Discussion on the development status of speech recognition technology at home and abroad

Speech recognition means converting the content and meaning of a person's speech into a computer-readable input, such as a button, a binary code, or a sequence of characters. Unlike the speaker's recognition, the latter is mainly to identify and confirm the person who made the speech, not the content contained in it. The purpose of speech recognition is to let the machine understand the language spoken by human beings, including two aspects: the first is to understand word by word rather than into written language; the second is to order or request the words contained in the spoken language. Comprehend and make the right response, not just the correct conversion of all vocabulary.

Since 1952, Davis et al. of AT&TBell Labs has developed the first voice-enhanced system with a ten-digit English number. Audry system. In 1956, Olson and Belar of the RCA Laboratory of Princeton University in the United States developed 10 A system of monosyllabic words that uses spectral parameters obtained by a bandpass filter bank as speech enhancement features. In 1959, Fry and Denes attempted to construct a phoneme to 4 vowels and 9 consonants, and used spectrum analysis and pattern matching to make decisions. This greatly improves the efficiency and accuracy of speech recognition. Since then, computer speech recognition has received the attention of researchers from various countries and began to enter speech recognition research. In the 1960s, the Soviet Union's MaTIn et al. proposed endpoint detection of speech end points, which significantly increased the level of speech recognition. Vintsyuk proposed dynamic programming, which is indispensable for future recognition. The important achievements in the late 1960s and early 1970s were the signal linear prediction coding (LPC) technology and dynamic time warping (DTW) technology, which effectively solved the feature extraction and unequal length speech matching of speech signals. Vector quantization (VQ) and hidden Markov model (HMM) theory. The combination of speech recognition technology and speech synthesis technology enables people to get rid of the shackles of the keyboard. Instead, it is a natural, user-friendly input method that is easy to use, such as voice input. It is gradually becoming a key technology for human-machine interface in information technology.

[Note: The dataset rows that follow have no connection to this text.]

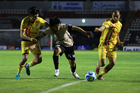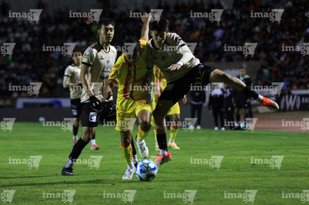 Zacatecas, Zacatecas, 6 de febrero de 2026. Edgar Martínez y José Ávila, durante el partido correspondiente a la jornada 5 del torneo Clausura 2026 de la Liga BBVA Expansión MX, entre los Mineros de Zacatecas y el Atlético Morelia, realizado en el estadio Carlos Vega Villalba. Foto: Imago7/ Raúl Martínez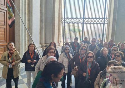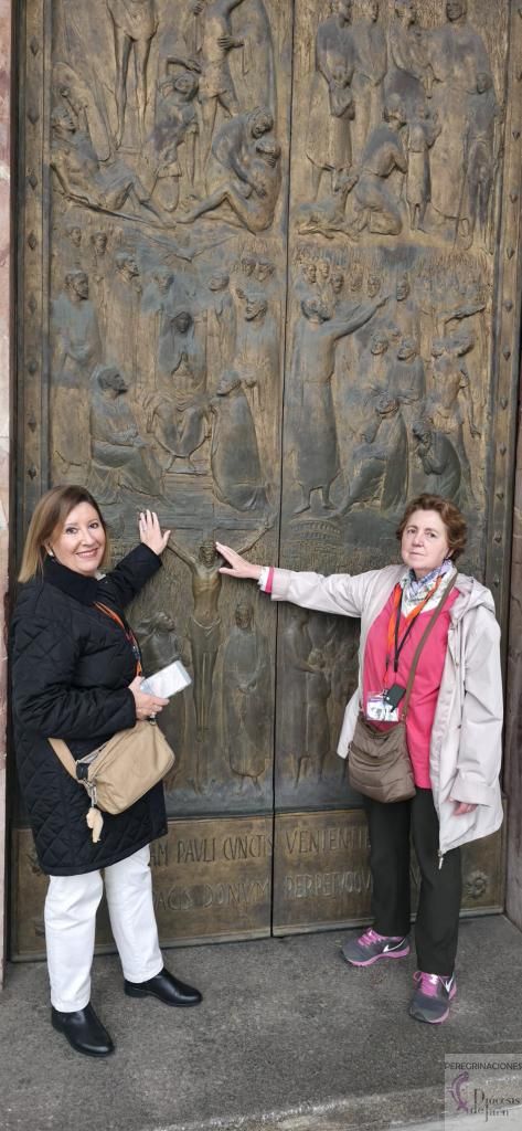 El segundo día nos regaló uno de los momentos más extraordinarios de toda la peregrinación. Por la mañana visitamos la Basílica Papal de Santa María de los Ángeles, donde se encuentra la Porciúncula, cuna sagrada de la orden Franciscana. Con guía local y auriculares, cada explicación cobró vida.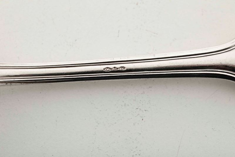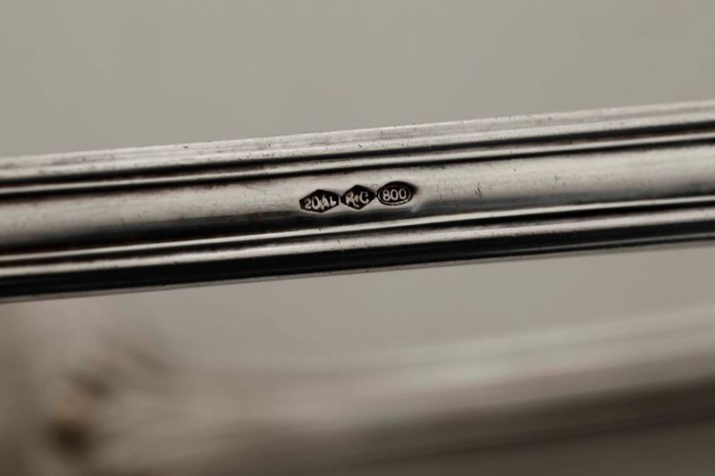 Servizio di posate in argento. Argenteria italiana del XX secolo. Argentiere Ricci & C., Alessandria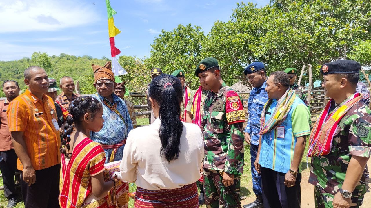 Dansatgas Pamtas, Letkol Arh Endis Fahrul Rizal, S.Hub.Int., M.Sc., menghadiri dan menyampaikan bahwa “Ini merupakan program dukungan dari TNI AD, dan kami sebagai personel Satgas Pamtas turut serta memberikan dukungan tenaga guna percepatan pembangunan SMPN Oepoli ini.”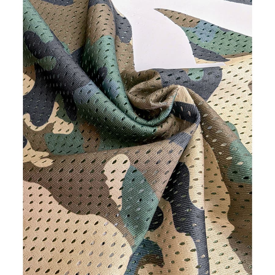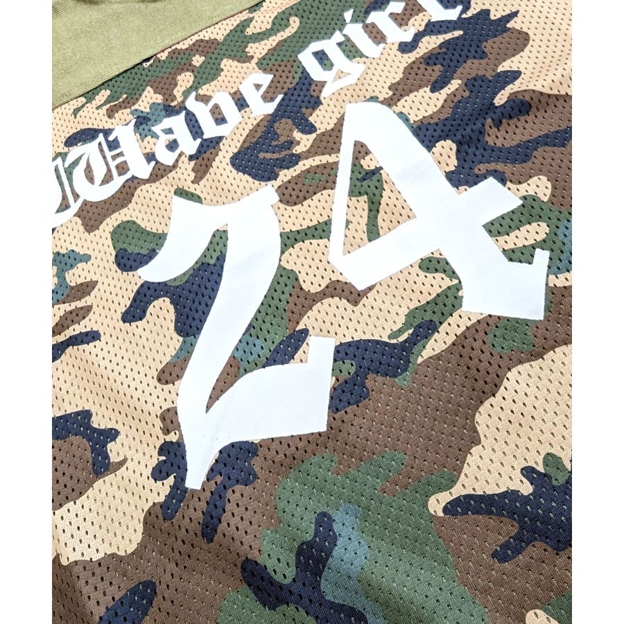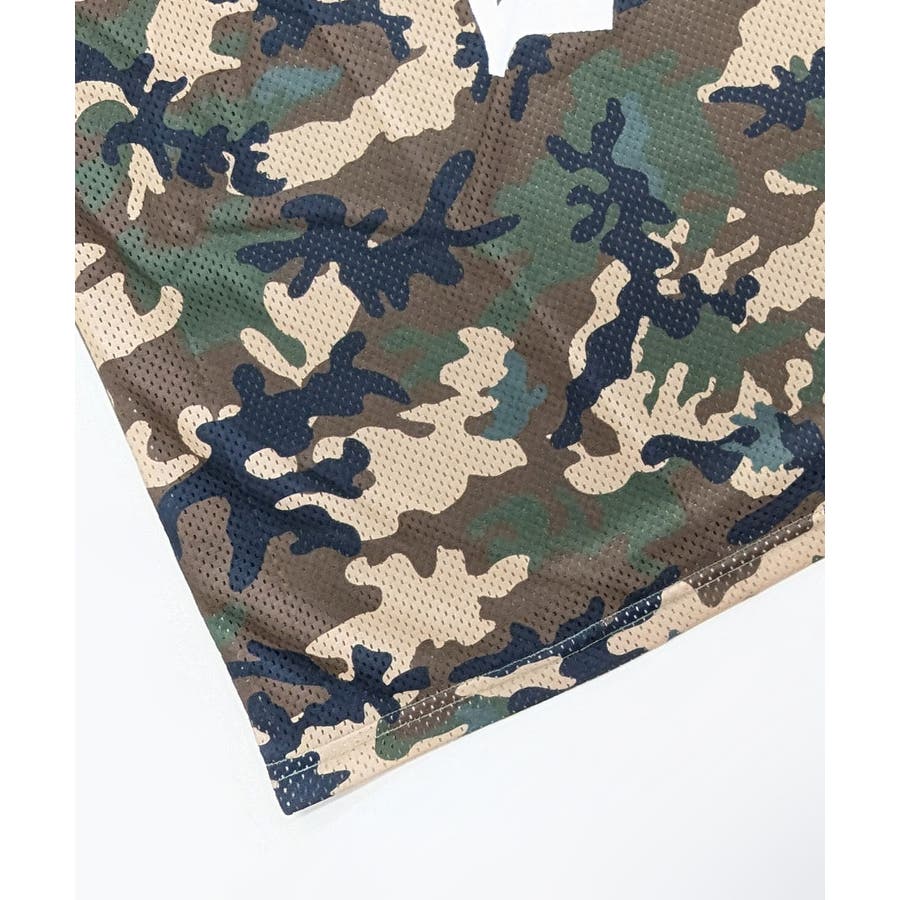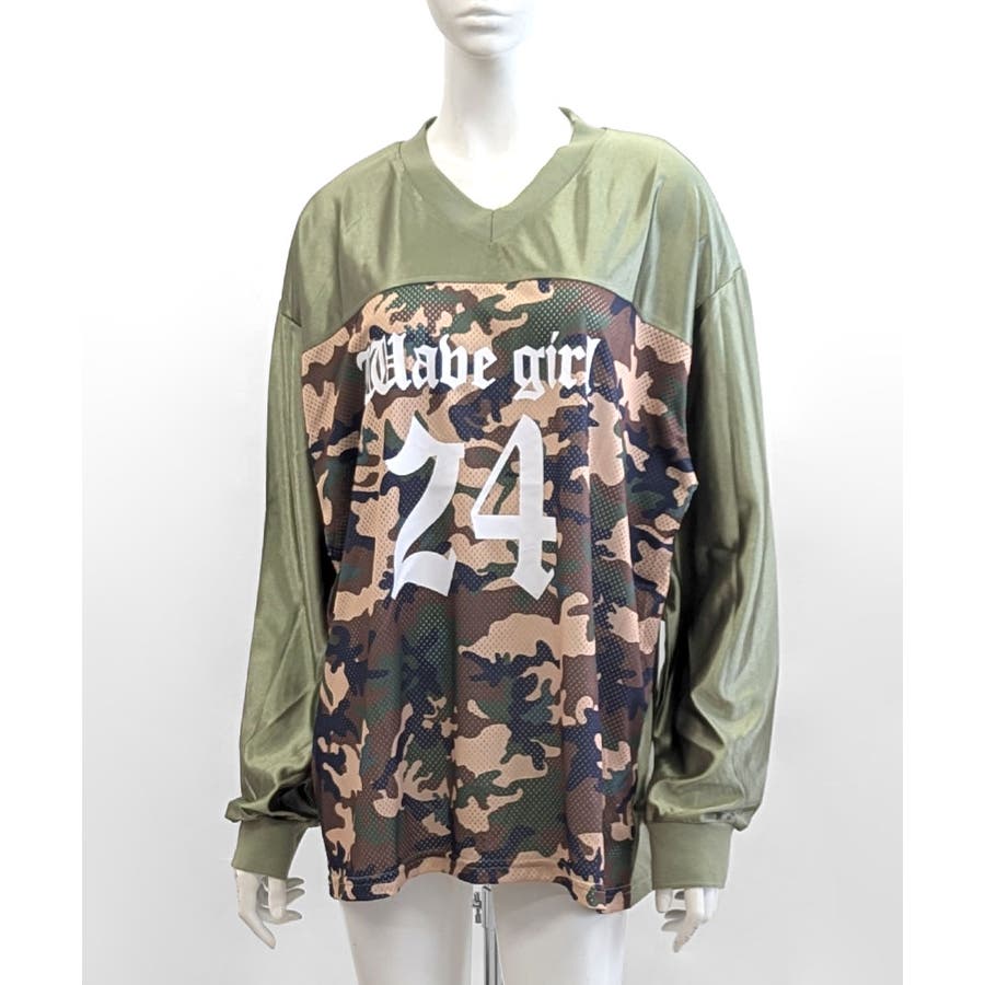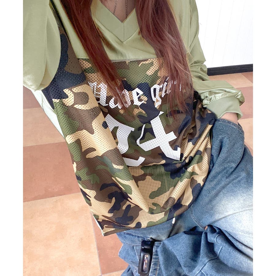 迷彩柄ナンバープリントトップス メッシュ Vネック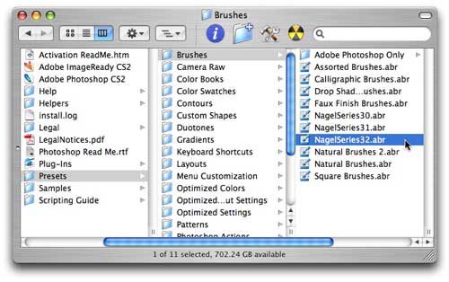 Once you download the brush file (NagelSeries32.zip), expand it. (The expanded file will be called NagelSeries32.abr.). Then move the .abr file into the Brushes directory in your Photoshop folder (/Adobe Photoshop/Presets/Brushes).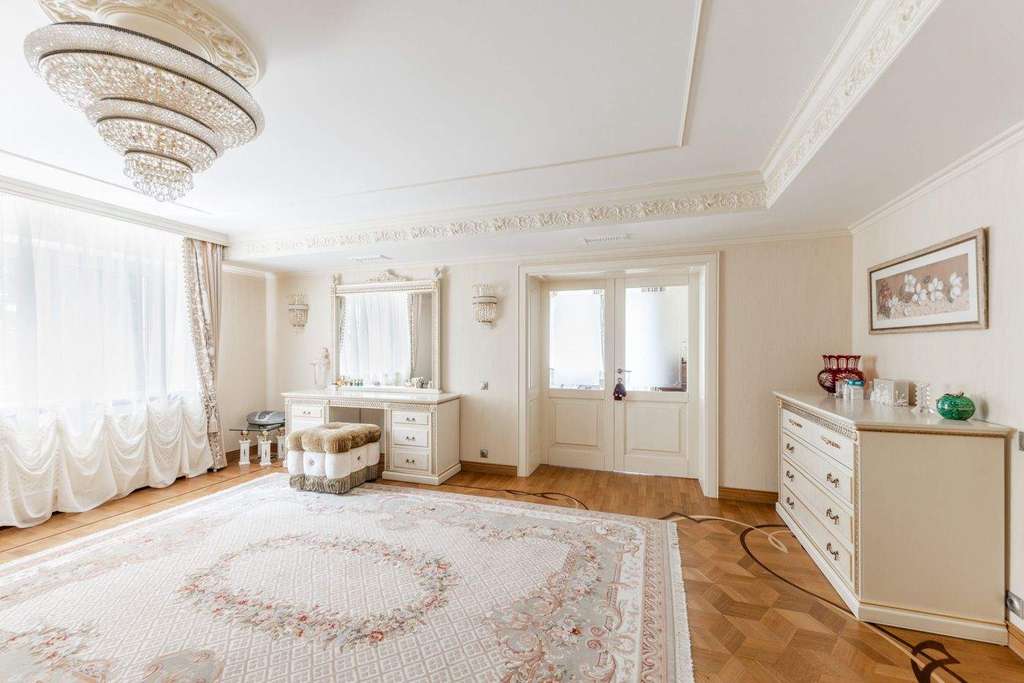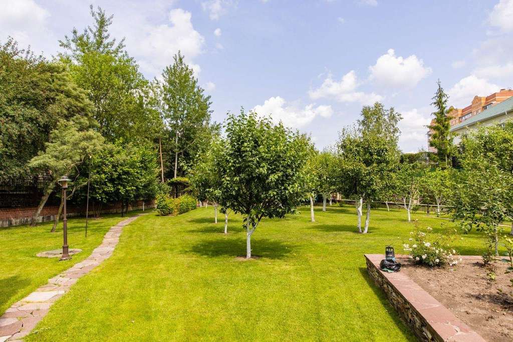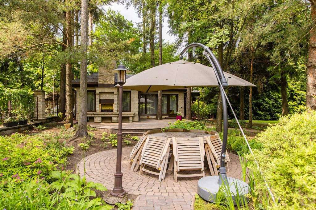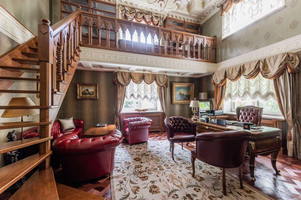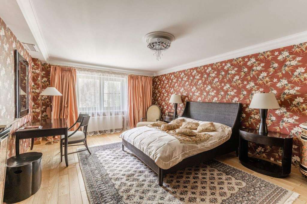 Интерьер выдержали в классическом стиле с обилием лепного декора на потолке, изысканной мебели и натурального дерева. На первом этаже расположена гостиная с камином, кухня и столовая. Витая лестница ведет на второй этаж, где находится спальня хозяев и домашний кинотеатр. На третьем этаже детские спальни, а в мансарде дополнительные гардеробные и бильярдная комната. На участке засеяли газон, посадили декоративные кустарники и цветы, разбили сад. Неподалекуот главного дома расположена остекленная беседка с печью для мангала.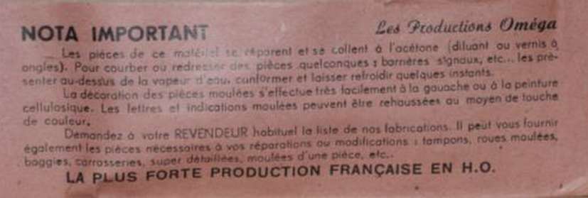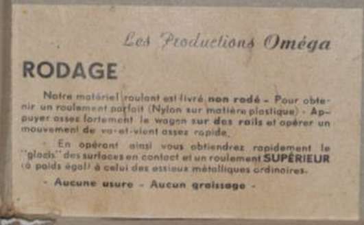 La marque OMEGA figure également dans les catalogues de la Sources des Inventions de Mars 1950 à 1953. (catalogue Mars 1950 page 60, Septembre 1950 page 58, catalogue 1951 page 56 et catalogue 1953 page 40. Sur ce même catalogue il est possible que les wagons mentionnés à la page 57 soit une production OMEGA à moins que se soit des Martin ou des Miniatrain.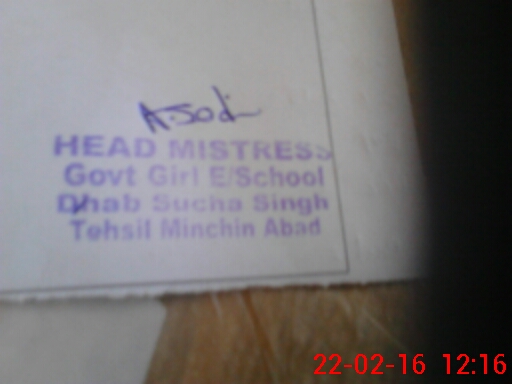 | Name: Sh**** Al**** Da**** Designation: (School Headmaster's/Headmistress's) EST Phone/Cell Number: 03**** |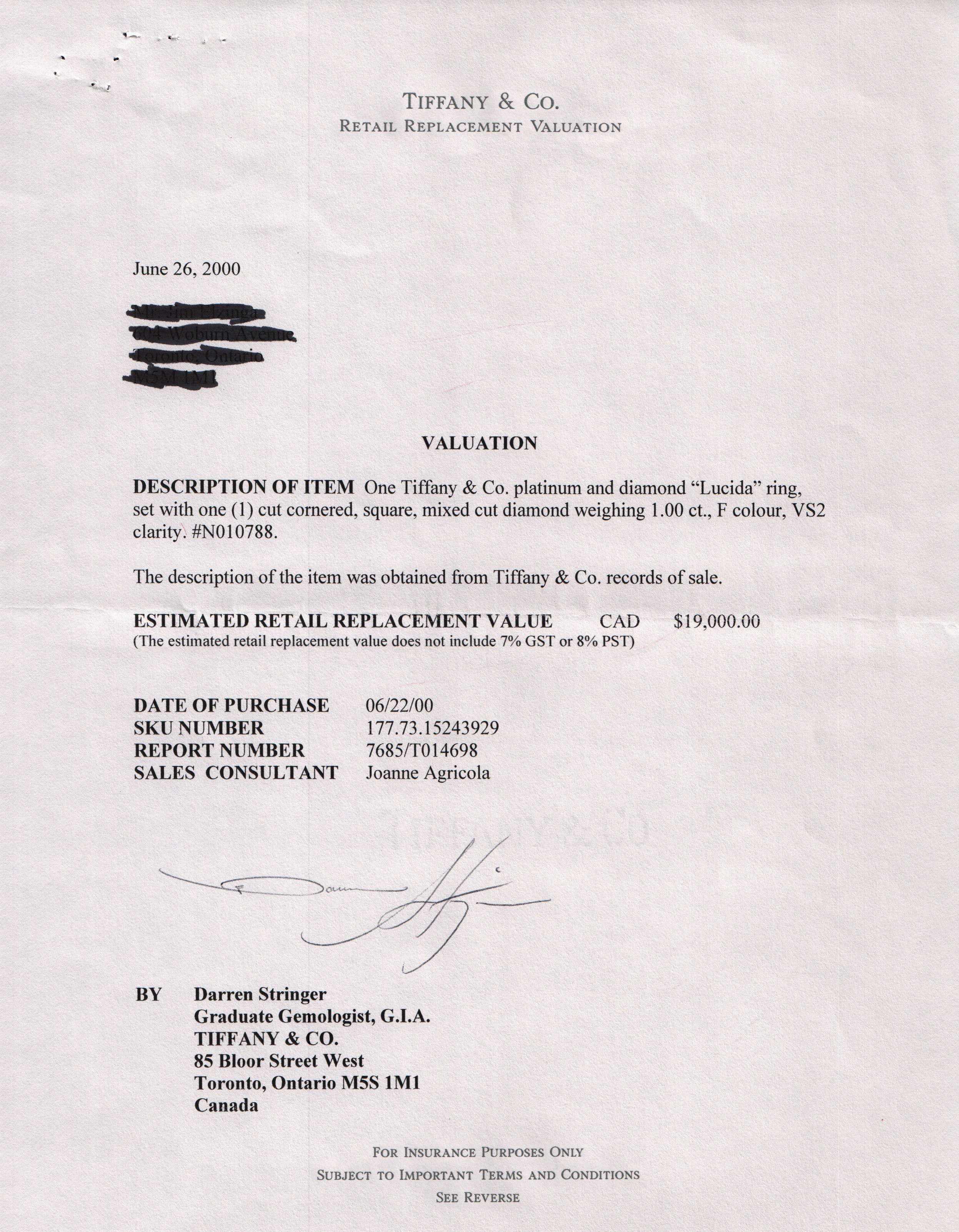 Included Items: Tiffany Diamond Certificate, Paperwork, GIA Certificate and Gem Review Appraisal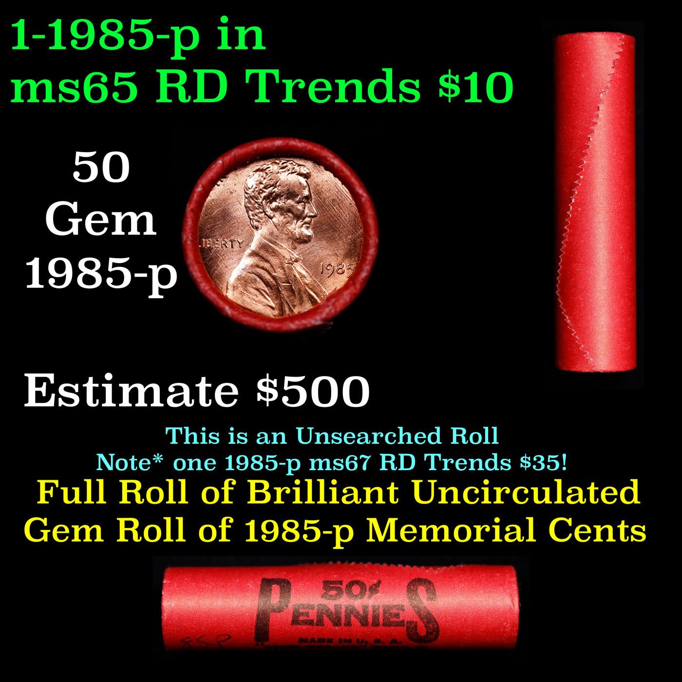 Shotgun Lincoln 1c roll, 1985-p 50 pcs Steel-Strong Wrapper.. A terrific Shotgun roll of Lincoln cents. Most if not all coin should be cherry red.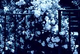 White Roses along a Fence in a Home Garden in Astoria Queens New York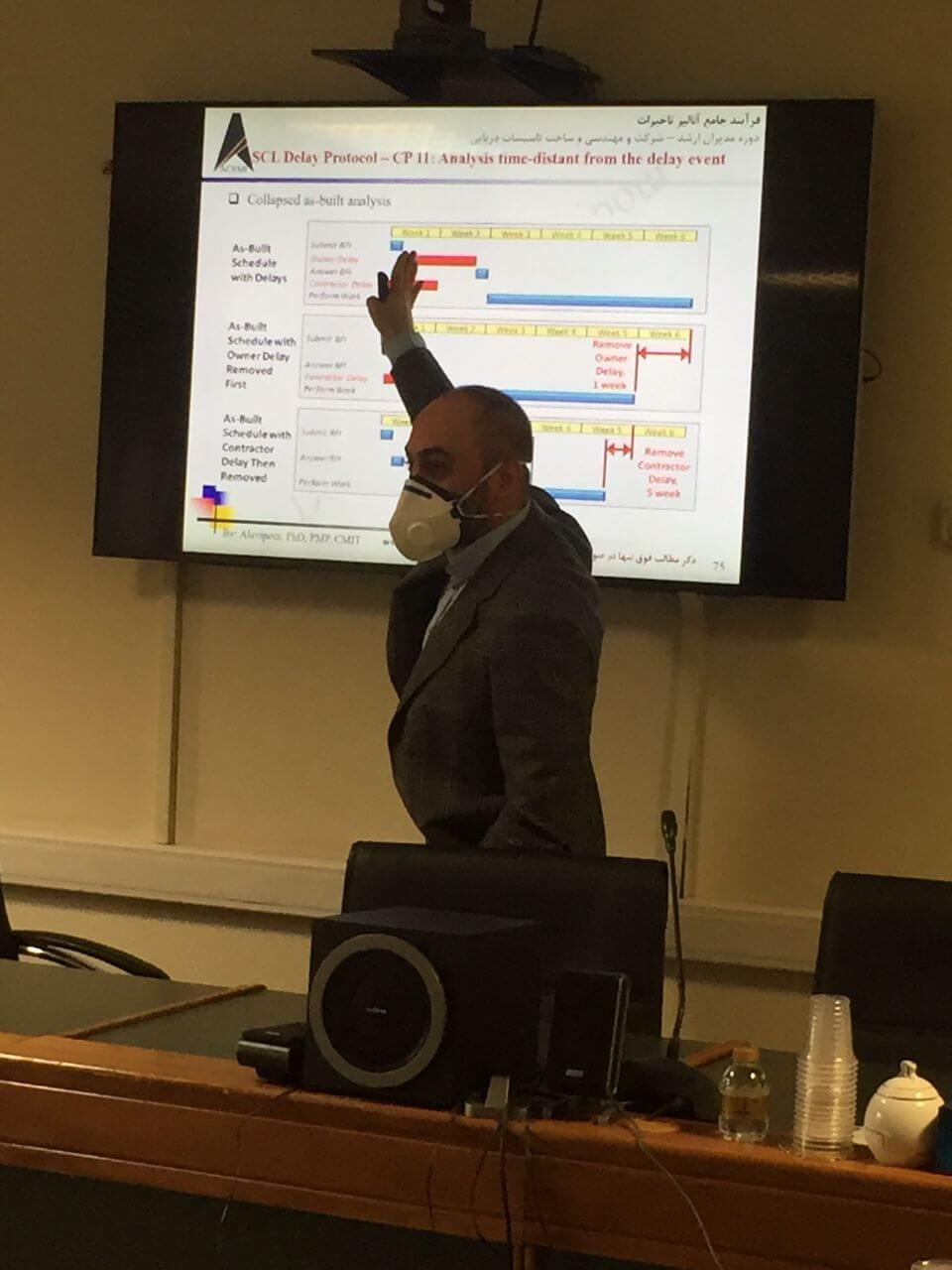 در این دوره 3 ساعته که برای مدیران ارشد شرکت مهندسی و ساخت تاسیسات دریائی ایران برگزار شد، به بررسی ساختار برنامه ریزی، قراردادی و حقوقی تاخیرات پرداخته و یک نقشه راه متفاوتی را ارائه نمودیم. برای جزئیات بیشتر میتوانید مبانی دوره آنالیز تاخیرات این دوره را مشاهده نمایید.

Development status of speech recognition technology

One: Development Status of Speech Recognition Technology - Classification of Speech Recognition System

The speech recognition system can be classified according to the restrictions on the input speech. If the relevance of the speaker to the recognition system is considered, the identification system can be divided into three categories:

(1) Specific person speech recognition system. Only consider the recognition of the voice of a person.

(2) Non-specific person speech system. The recognized speech is independent of the person, and the recognition system is usually learned by a large number of different people's speech databases.

(3) Multi-person identification system. The voice of a group of people can usually be recognized, or become a specific group of speech recognition systems that only require training of the voices of the group of people to be identified.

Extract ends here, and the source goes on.